* _TASK PROMPT_
Print the whole listing below exactly, skipping every picture.

**** SOURCE DATA ****

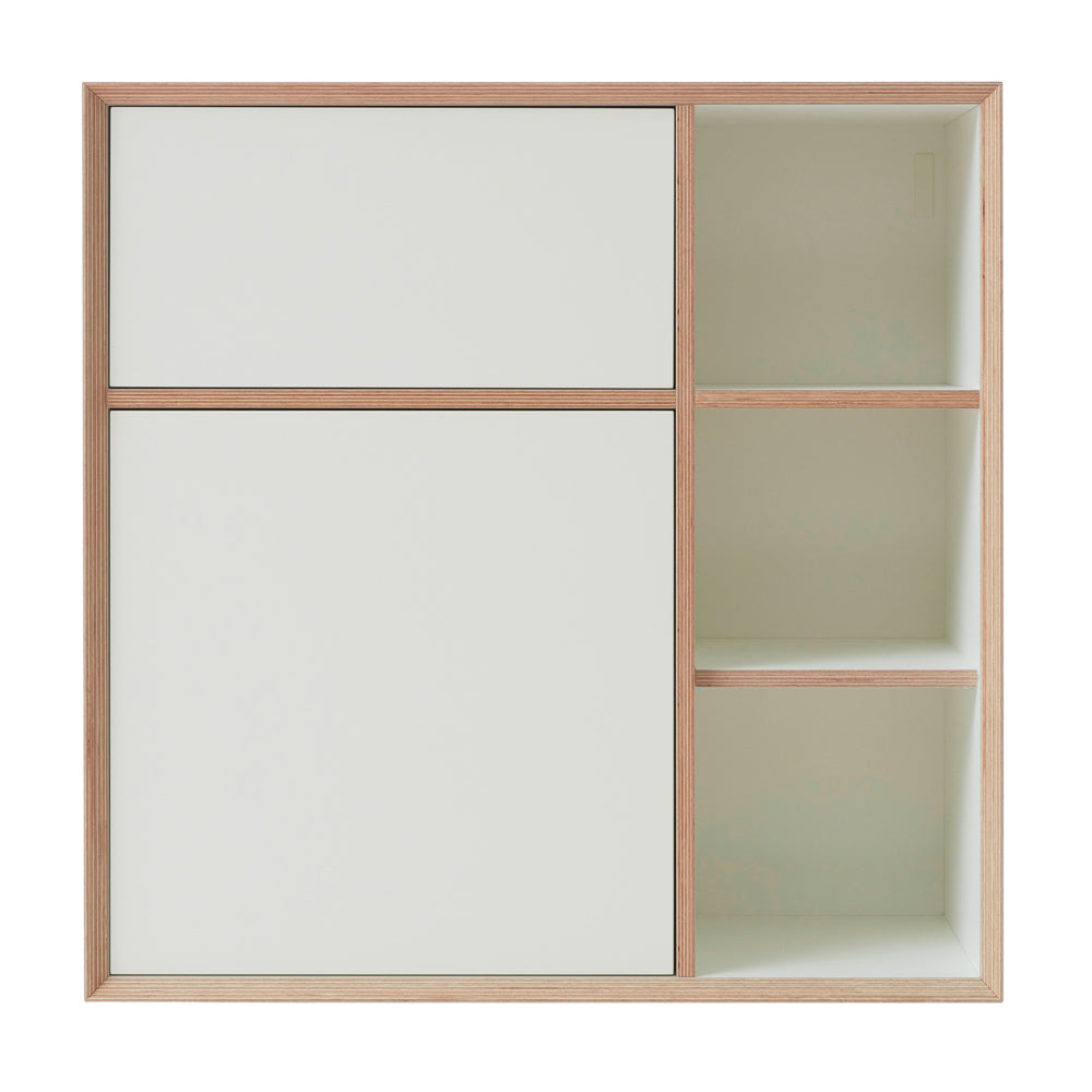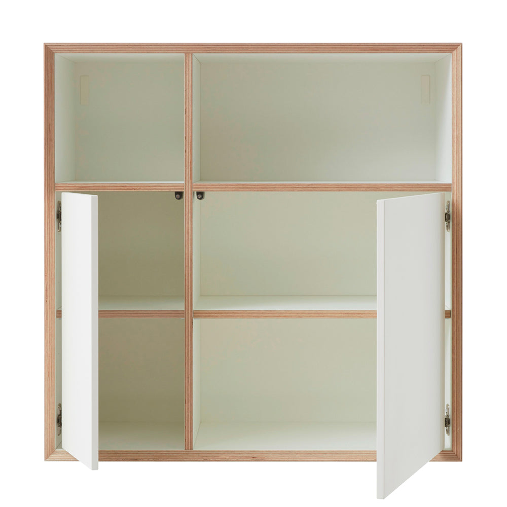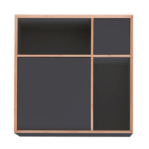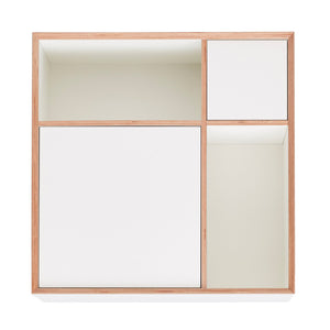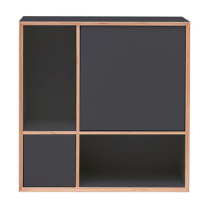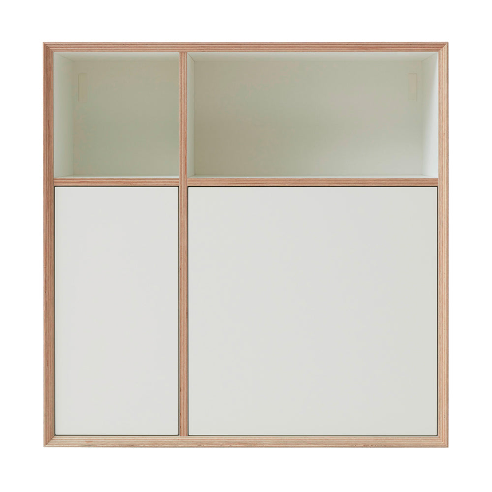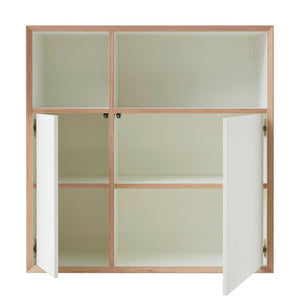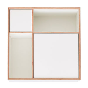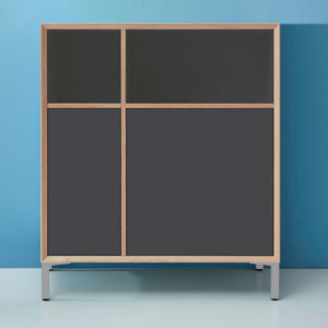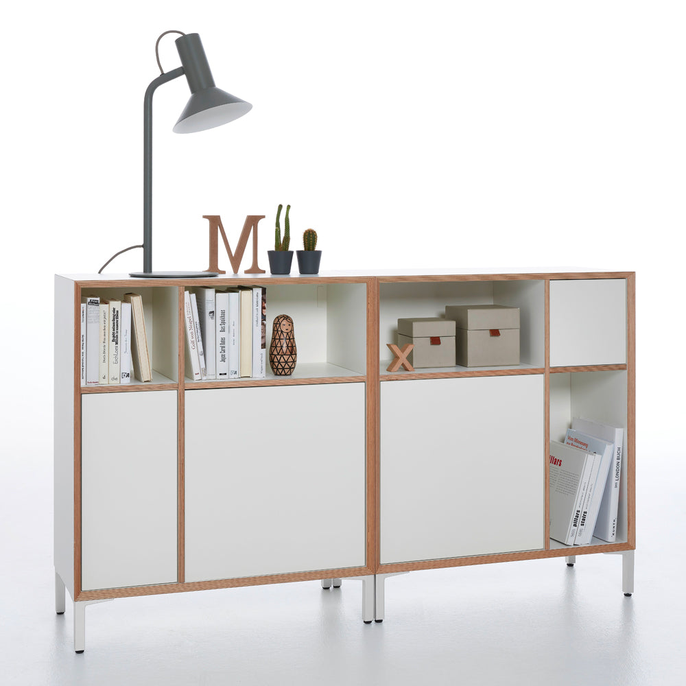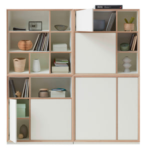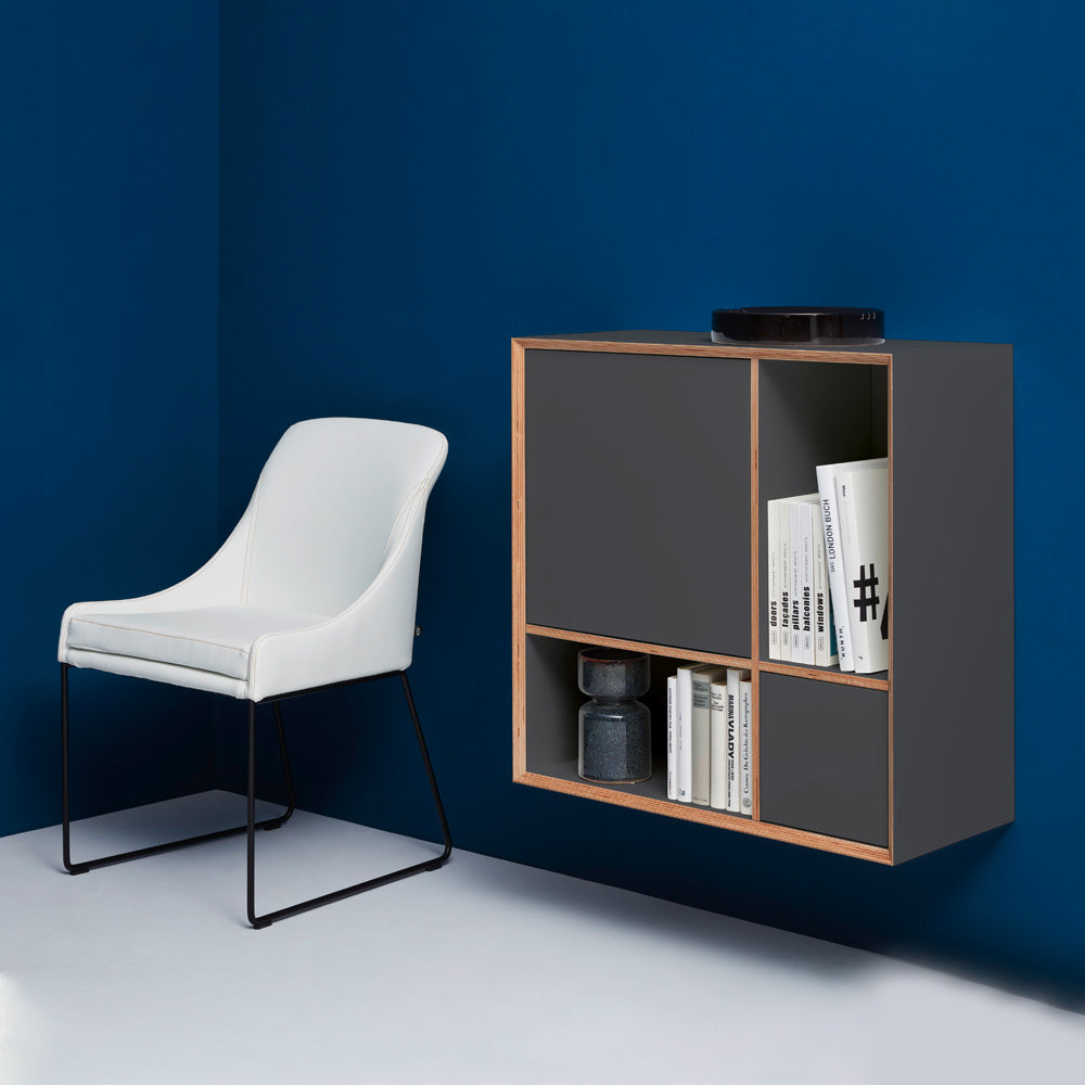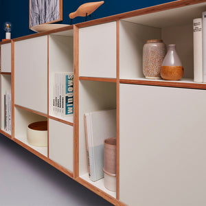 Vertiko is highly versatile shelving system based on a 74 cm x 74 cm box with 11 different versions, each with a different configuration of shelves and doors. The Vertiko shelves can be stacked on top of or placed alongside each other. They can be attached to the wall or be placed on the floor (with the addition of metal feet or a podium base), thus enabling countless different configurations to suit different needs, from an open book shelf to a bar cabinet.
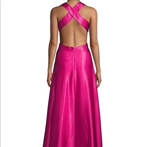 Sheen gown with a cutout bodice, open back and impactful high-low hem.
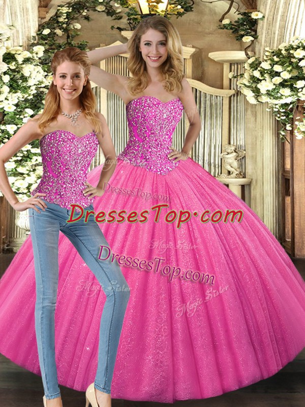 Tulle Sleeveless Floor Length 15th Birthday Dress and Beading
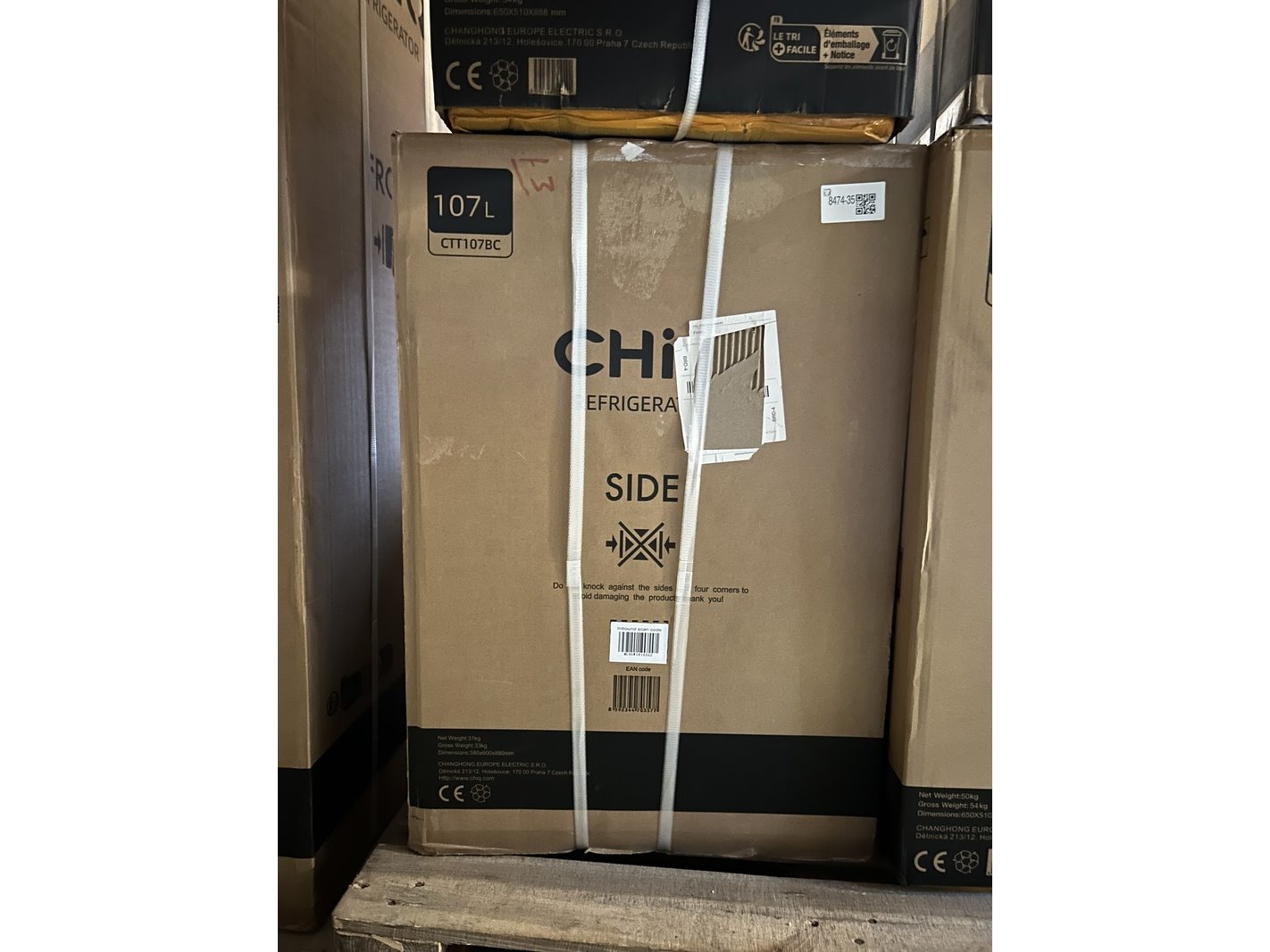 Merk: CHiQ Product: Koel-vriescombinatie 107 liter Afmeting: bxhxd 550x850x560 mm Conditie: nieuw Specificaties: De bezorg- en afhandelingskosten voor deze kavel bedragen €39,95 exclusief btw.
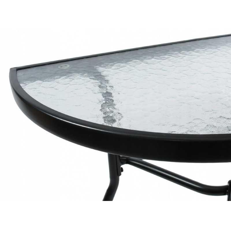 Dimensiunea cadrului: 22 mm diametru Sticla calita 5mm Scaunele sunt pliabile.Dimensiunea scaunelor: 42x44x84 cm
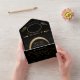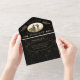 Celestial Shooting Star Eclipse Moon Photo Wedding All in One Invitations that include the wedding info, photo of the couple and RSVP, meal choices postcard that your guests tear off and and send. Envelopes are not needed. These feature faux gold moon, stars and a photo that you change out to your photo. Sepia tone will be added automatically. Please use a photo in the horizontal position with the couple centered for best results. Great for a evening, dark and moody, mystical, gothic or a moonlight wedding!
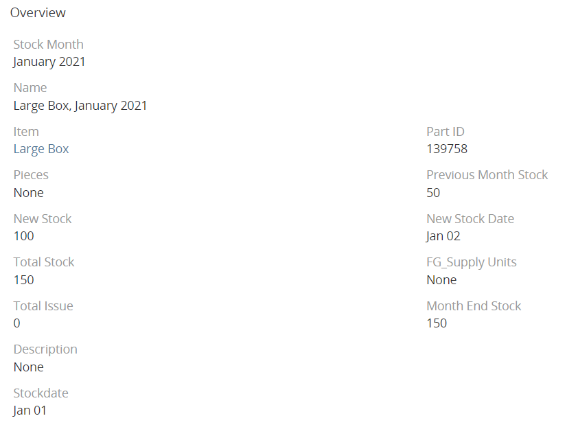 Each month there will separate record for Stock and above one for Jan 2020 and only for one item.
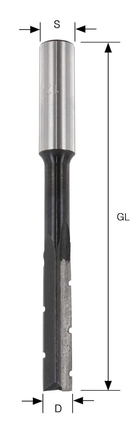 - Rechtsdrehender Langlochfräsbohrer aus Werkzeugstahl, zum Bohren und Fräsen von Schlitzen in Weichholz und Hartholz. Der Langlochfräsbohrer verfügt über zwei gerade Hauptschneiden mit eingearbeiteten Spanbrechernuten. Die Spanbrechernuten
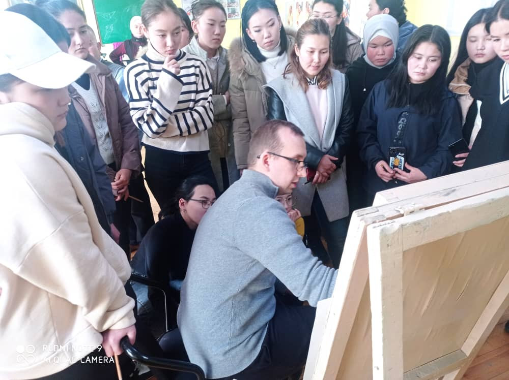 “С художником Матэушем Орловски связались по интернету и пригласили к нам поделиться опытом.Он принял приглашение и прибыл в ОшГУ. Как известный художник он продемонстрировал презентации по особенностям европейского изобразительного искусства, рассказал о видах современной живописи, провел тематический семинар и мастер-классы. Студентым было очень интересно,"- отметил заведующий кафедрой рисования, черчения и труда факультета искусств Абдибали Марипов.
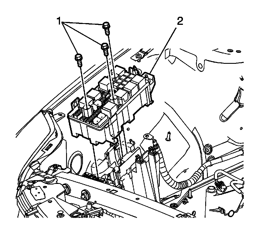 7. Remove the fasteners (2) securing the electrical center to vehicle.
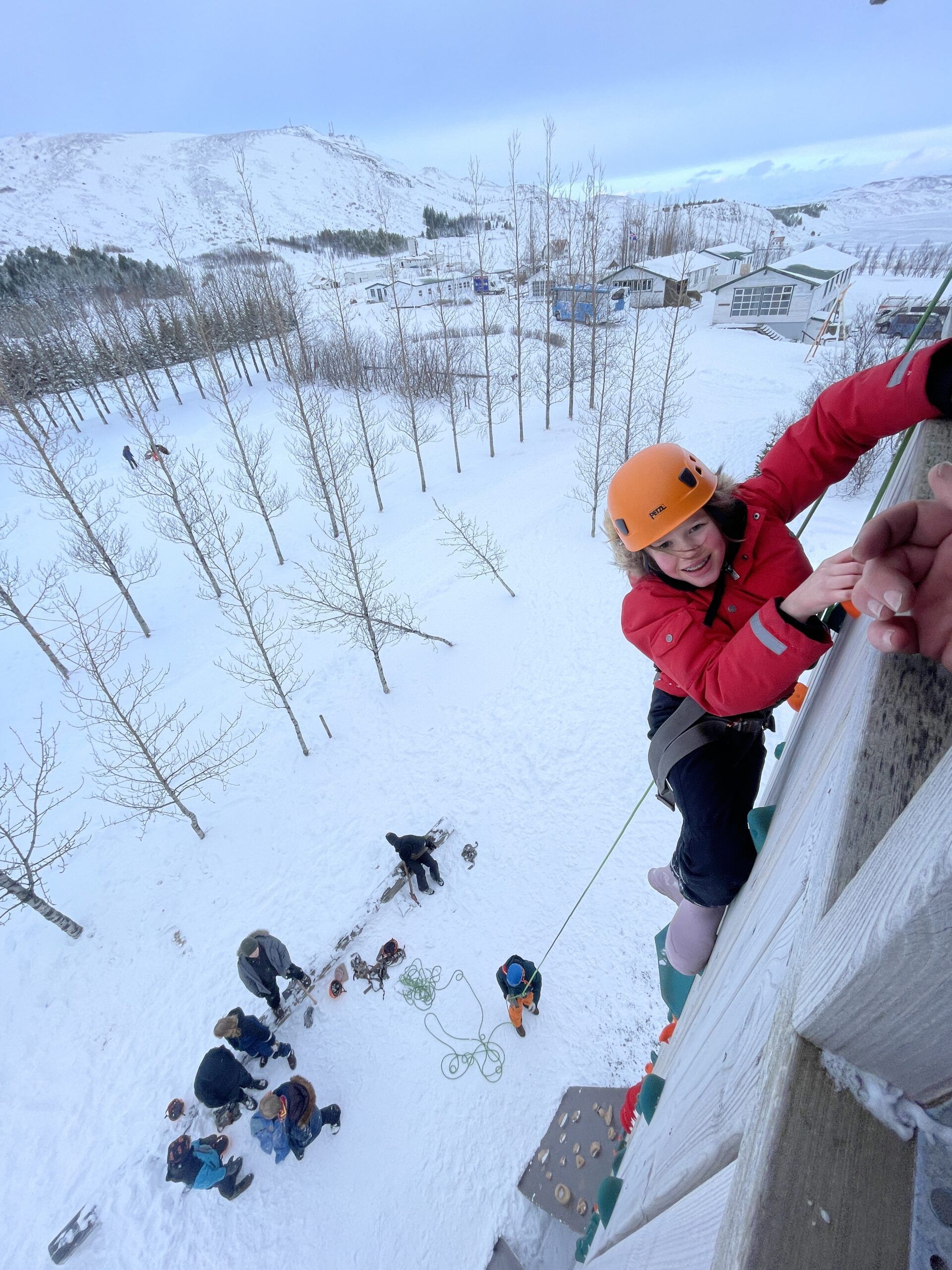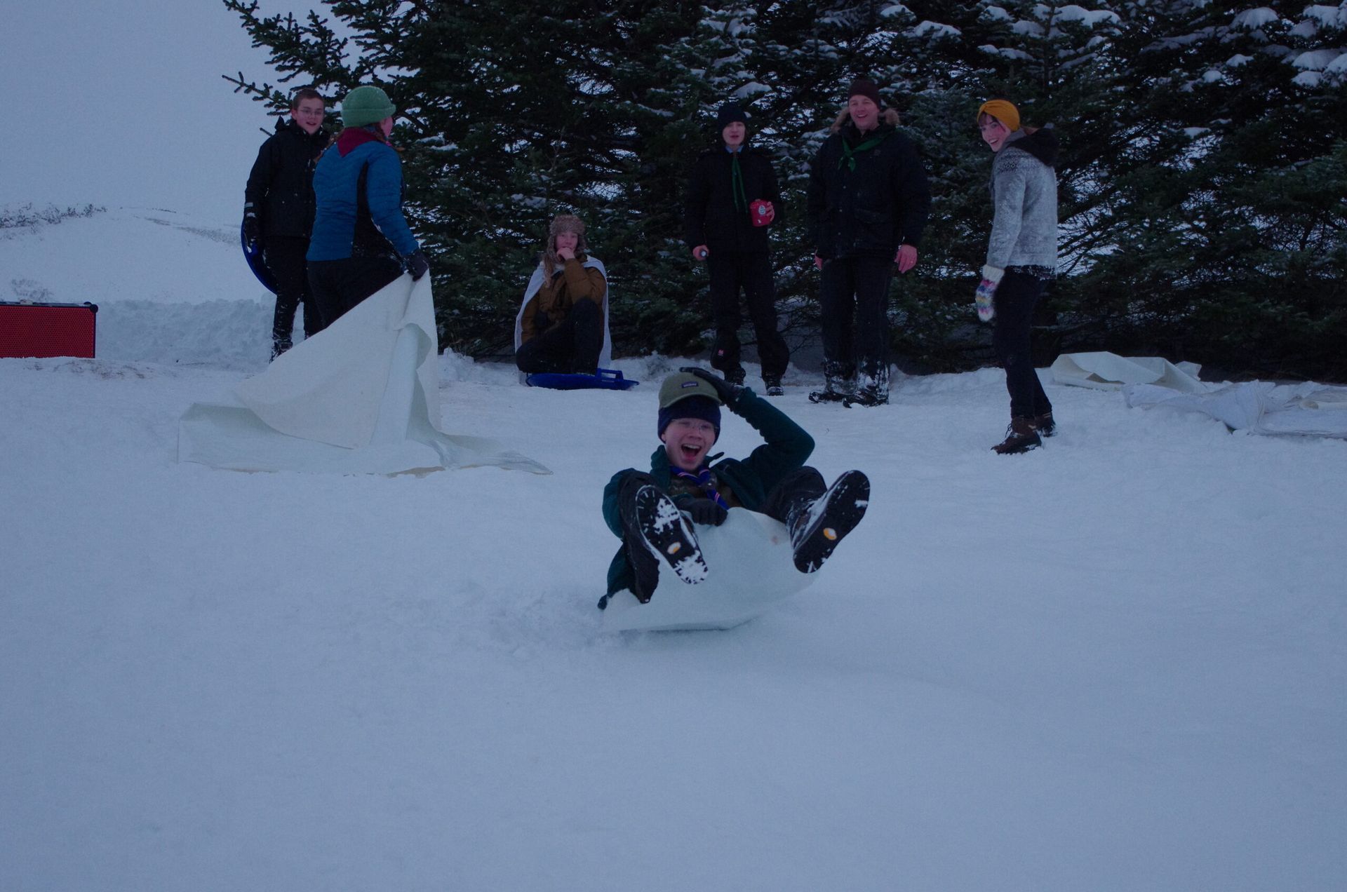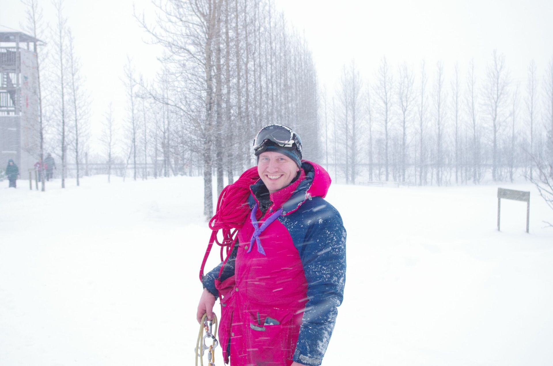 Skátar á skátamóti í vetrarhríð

****

* _RESPONSE TO THE EXERCISE_
 Vertiko is highly versatile shelving system based on a 74 cm x 74 cm box with 11 different versions, each with a different configuration of shelves and doors. The Vertiko shelves can be stacked on top of or placed alongside each other. They can be attached to the wall or be placed on the floor (with the addition of metal feet or a podium base), thus enabling countless different configurations to suit different needs, from an open book shelf to a bar cabinet.
 Sheen gown with a cutout bodice, open back and impactful high-low hem.
 Tulle Sleeveless Floor Length 15th Birthday Dress and Beading
 Merk: CHiQ Product: Koel-vriescombinatie 107 liter Afmeting: bxhxd 550x850x560 mm Conditie: nieuw Specificaties: De bezorg- en afhandelingskosten voor deze kavel bedragen €39,95 exclusief btw.
 Dimensiunea cadrului: 22 mm diametru Sticla calita 5mm Scaunele sunt pliabile.Dimensiunea scaunelor: 42x44x84 cm
 Celestial Shooting Star Eclipse Moon Photo Wedding All in One Invitations that include the wedding info, photo of the couple and RSVP, meal choices postcard that your guests tear off and and send. Envelopes are not needed. These feature faux gold moon, stars and a photo that you change out to your photo. Sepia tone will be added automatically. Please use a photo in the horizontal position with the couple centered for best results. Great for a evening, dark and moody, mystical, gothic or a moonlight wedding!
 Each month there will separate record for Stock and above one for Jan 2020 and only for one item.
 - Rechtsdrehender Langlochfräsbohrer aus Werkzeugstahl, zum Bohren und Fräsen von Schlitzen in Weichholz und Hartholz. Der Langlochfräsbohrer verfügt über zwei gerade Hauptschneiden mit eingearbeiteten Spanbrechernuten. Die Spanbrechernuten
 “С художником Матэушем Орловски связались по интернету и пригласили к нам поделиться опытом.Он принял приглашение и прибыл в ОшГУ. Как известный художник он продемонстрировал презентации по особенностям европейского изобразительного искусства, рассказал о видах современной живописи, провел тематический семинар и мастер-классы. Студентым было очень интересно,"- отметил заведующий кафедрой рисования, черчения и труда факультета искусств Абдибали Марипов.
 7. Remove the fasteners (2) securing the electrical center to vehicle.
 Skátar á skátamóti í vetrarhríð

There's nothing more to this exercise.